Creation of the office of prime minister stitched Plumb's three great strands together.
The office was established in 1721 specifically to deal with the so-called South Sea Bubble which was Hanoverian England's version of the GFC. The first occupant was Sir Robert Walpole.
Walpole thereafter did everything to entrench his novel position. He began by debauching the two party system of his day. The prime minister marginalised and discredited firmly principled people in both the Whig and Tory parties. Zealotry was equated with instability, now a seriously dirty word.
Prime Minister Boris Johnson, in the lead-up to the recent dissolution, was a grotesque shadow of his great predecessor Walpole.
After 1721, with Prime Minister Walpole in the ascendancy, the executive wing of the government in Britain commanded an utterly reliable majority in the House of Commons. Such a thing had not happened since the Tudors.
Patronage perpetuated itself. Walpole and his sidekicks fully exploited the public sector funds and employment opportunities at the disposal of the crown. Access to seats in both chambers of parliament and to official positions of all kinds, including jobs in the army, navy, church and what passed for the civil service underpinned a vast network of dependency.
Walpole was the first person in British politics who was simultaneously the dominant figure by far in the House of Commons and the chief if not sole political adviser to the monarch.
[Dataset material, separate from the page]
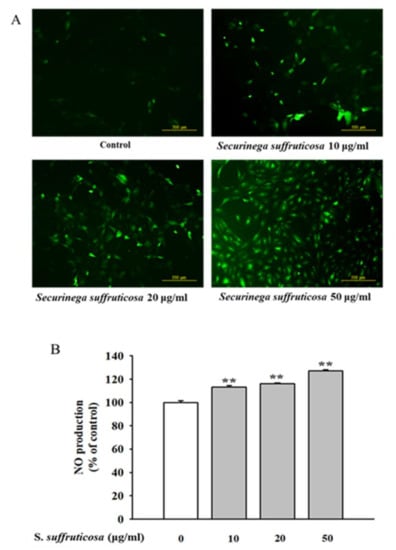 Effect of Securinega suffruticosa on nitrite production. (A) NO production was examined via fluorescence microscopy (original magnification ×100). (B) Effect of Securinega suffruticosa on NO production assayed as its stable reaction product nitrite with the Griess reaction. ** p < 0.01 vs. control.
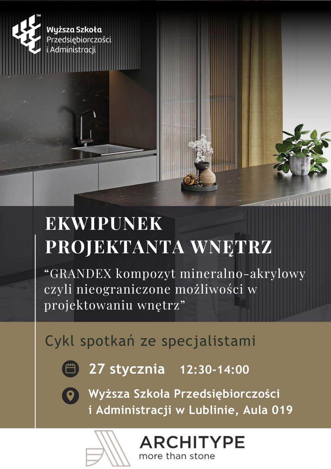 aula 018 Zapraszamy na kolejne spotkanie z cyklu EKWIPUNEK PROJEKTANTA WNĘTRZ KIEDY I GDZIE? 16 marca (sobota), godz. 11:00-12:00 - WSPA, aula 018 Do zobaczenia!

For a few vocal observers the triumph of Walpole was scary stuff. Traditionally the people relied on by the monarch for political advice were seen as odious and creepy. But under Walpole, a dear friend of the royal court ran the House of Commons. Members of parliament were supposed to protect the nation against the monarch's invariably evil counsellors. This clearly no longer was happening.
The emergence of the office of prime minister bred fear. This anxiety bred a profusion of dystopian pamphlets and tracts culminating in Gulliver's Travels.
But it did not take long before these fears ebbed in England (although not in its American colonies). Acceptance of the new reality was symbolised by the fate of Gulliver's Travels which continued to be read, but only as a book for children. Their parents sensed that, under Walpole, their country had never been more peaceful and prosperous.
Back in 1965, when he gave the Ford Lectures, Jack Plumb assumed that the office of prime minister would forever be, as it had been for the previous 200 plus years, perched securely at the apex of British politics.
Plumb was a good historian but he was no infallible prophet. He did not live to witness our current darkening age of instability and disruption. His three great truths are now quite undone.
The party system in Britain in 2019 is no longer stable and stolid. The executive wing of government can no longer count on winning vital divisions in the House of Commons. And the supporting network of hangers on in public institutions and in the media that any government needs to have exercises far less sway at a time when populist resentment has been empowered by the resort to referenda on fundamental political issues, and with the election of party leaders by rank and file members who proudly do not subscribe to the wisdom prevailing at Westminster.
The template imposed in 1721 and which Jack Plumb described is in deep trouble. Prime Minister Boris Johnson, in the lead-up to the recent dissolution, was a grotesque shadow of his great predecessor Walpole. He did not command a meaningful majority in the House of Commons and vital advice to the monarch was overruled by legal action.
The year 2021 will mark the 300th anniversary of the invention of the office of prime minister of the United Kingdom. But will the office exist in any real sense by then if things continue as they are?